Sunday, 26 February 2017
Last updated 2 days ago
Mar 26 2009 | 10:56am ET
Treasury Secretary Timothy Geithner will unveil the Obama administration’s sweeping plan to overhaul the U.S. financial system, with the alternative investment industry squarely in its sights.
Geithner’s plan to reform the country’s financial regulatory system is more far-reaching than initially expected. If approved by Congress, it would give the government, most notably a new “systemic risk regulator,” not only broad new oversight powers, but also the authority to directly intervene in “systematically important” financial institutions.
Among those powers would be one that allows the government to seize those companies “too big to fail”—those whose collapse present a systemic risk to the financial system. Hedge and private equity funds could, theoretically, be covered by the proposal. What’s more, regulators would be able to impose strict capital requirements on such firms.
Under the proposal, hedge fund, private equity and venture capital firms would be required to register with the Securities and Exchange Commission. Alternative investment managers would also be forced to report on their investors and trading partners, and how much leverage they use, although that information is to be kept confidential.
On the bright side for alts. firms, the administration’s proposals fall short of the strict regulation of hedge funds and private equity called for by some European leaders.

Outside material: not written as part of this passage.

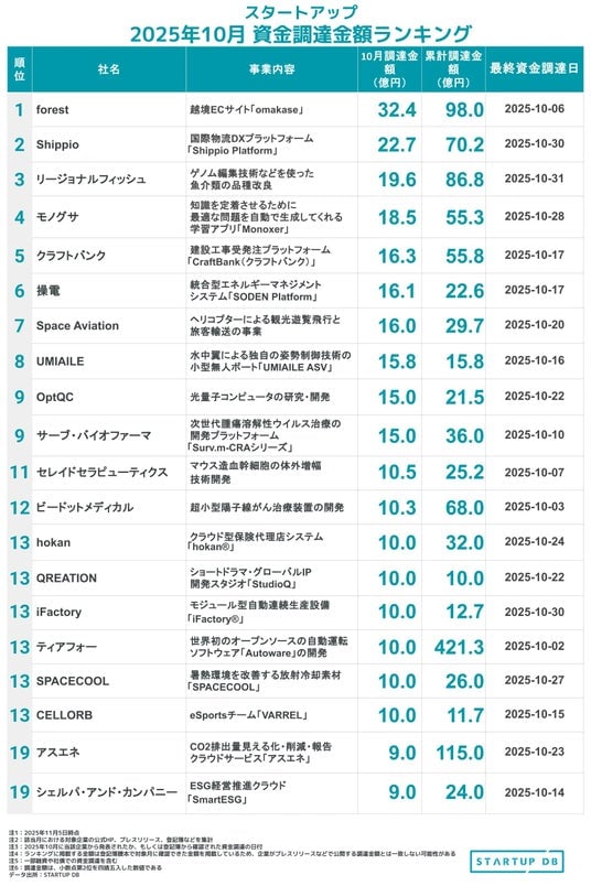 越境ECのforestが32.4億円、国際物流のShippioが22.7億円を調達し、未来のグローバルサプライチェーンを牽引 ──【STARTUP DB】10月スタートアップ資金調達ランキング──

Another part of the plan that is likely to profoundly affect the alternatives industry is that covering derivatives. The plan would regulate such previously unregulated securities as credit-default swaps, standardizing them and requiring that they be traded through clearinghouses.
Geithner is to set out the outlines of the plan at a Congressional hearing. SEC Chairman Mary Schapiro is expected to back the proposals at the hearing, as well.